N-Cyclohexyl-2-pyrrolidone
- Names: Preferred IUPAC name 1-Cyclohexylpyrrolidin-2-one

Identifiers
- CAS Number: 6837-24-7;
- 3D model (JSmol): Interactive image; Interactive image;
- ChemSpider: 73333;
- ECHA InfoCard: 100.027.199
- PubChem CID: 81278;
- UNII: 7IM8P1VVNM;
- CompTox Dashboard (EPA): DTXSID7044716 ;

Properties
- Chemical formula: C_{10}H_{17}NO
- Molar mass: 167.252 g·mol^{−1}
- Appearance: Colorless to yellow liquid
- Density: 1.007 g/cm^{3}
- Melting point: 12 °C (54 °F; 285 K)
- Boiling point: 284 °C (543 °F; 557 K)
- Viscosity: 11.5 cP
- Hazards: Occupational safety and health (OHS/OSH):
- Main hazards: Toxic
- Flash point: 145 °C (293 °F; 418 K)

= N-Cyclohexyl-2-pyrrolidone =

N-Cyclohexyl-2-pyrrolidone or CHP is a yellow to colorless liquid.
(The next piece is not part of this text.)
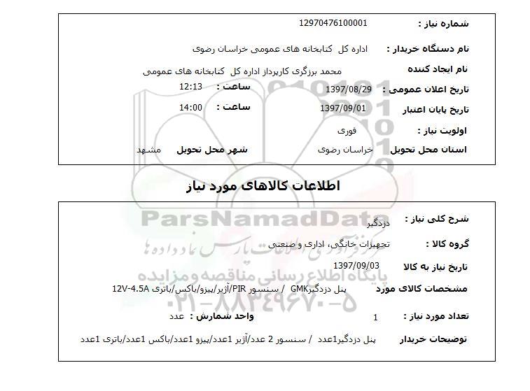 نام دستگاه خریدار: اداره کل کتابخانه های عمومی خراسان رضوی

It has a low vapor pressure, and is nearly odorless. It has a low solubility in water, but is soluble in a variety of organic solvents.
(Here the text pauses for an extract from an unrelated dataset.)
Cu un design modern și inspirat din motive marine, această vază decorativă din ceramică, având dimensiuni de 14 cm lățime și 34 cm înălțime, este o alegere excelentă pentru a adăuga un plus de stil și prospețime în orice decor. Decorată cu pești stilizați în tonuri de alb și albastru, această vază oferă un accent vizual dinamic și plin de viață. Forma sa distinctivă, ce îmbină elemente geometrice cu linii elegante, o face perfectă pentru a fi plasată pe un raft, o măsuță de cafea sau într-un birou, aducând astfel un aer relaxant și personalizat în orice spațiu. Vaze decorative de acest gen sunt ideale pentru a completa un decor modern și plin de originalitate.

CHP is used in the electronics industry as a photoresist stripper (usually in combination with other solvents like N-methyl-2-pyrrolidone), and as a chemical polisher of copper in circuit board fabrication. It is also used in the textiles industry as a dye carrier in aramid fabrics.